What my job often is these days is that I’m paid to write reports you couldn’t pay me to read.
“The future of bibliographic control will be highly collaborative, decentralized, international in scope, and web-based. It will take place in cooperation with the private sector and users will be among the new partners who collaborate with libraries. Data will be gathered from multiple sources. ”
Paraphrase of the opening section of the Library of Congress Working Group on the Future of Bibliographic Control.

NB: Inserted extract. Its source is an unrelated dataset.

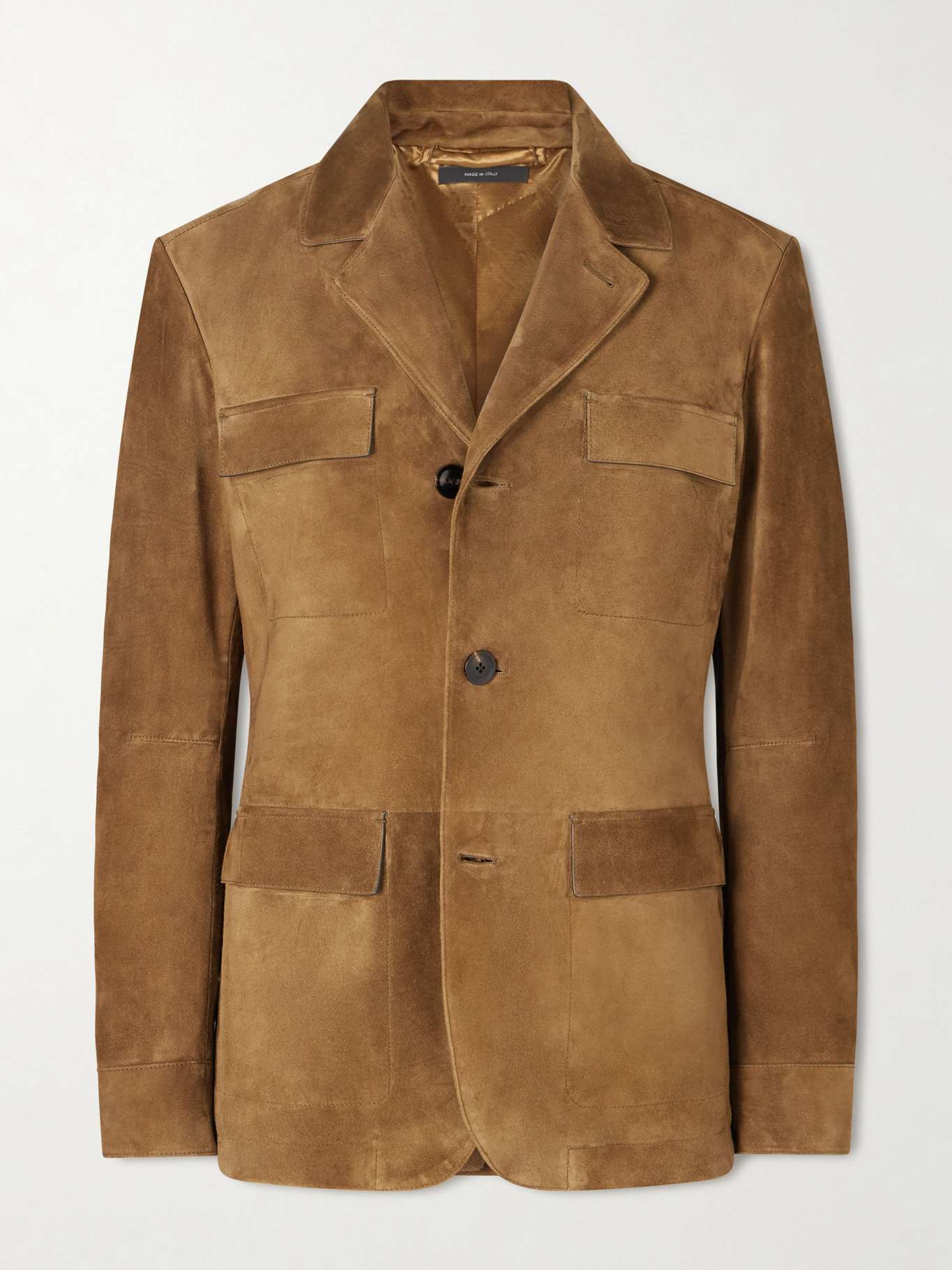 Drawing on military uniforms, TOM FORD's jacket is masterfully cut from suede and has four front pockets. It's framed by notch lapels and features horn buttons down the placket.

http://www.loc.gov/bibliographic-future/news/lcwg-report-draft-11-30-07-final.pdf
The future of bibliographic control will not have control. It is not going to be a controlled future. It will be a gigantic mash-up. My fear right now is that if we don’t make some extreme changes, it will not involve libraries. Other people will be doing it, we won’t. And we won’t because it is going to be about linking, it is going to be about everyone having access to the data. The data has to be unencumbered and anyone can use it in any way they want. Right now it is easier to get bibliographic data from Amazon and from the publishers than it is from libraries. So if we don’t really get on the ball, the future of bibliographic control is not even going to involve us. There are a lot of things that we have to give up in order to allow this future to include us, one of them being that it no longer matters if the data/records we create for bibliographic data are the same.
Need to be able to offer the users the option to see other items that are similar.
The increase of user to user interaction.
More and more the institution is not going to be the focus of the interaction. As users can connect and interact with each other, that will be their choice. Libraries have to make sure that their content is available and accessible while users are interacting with one another.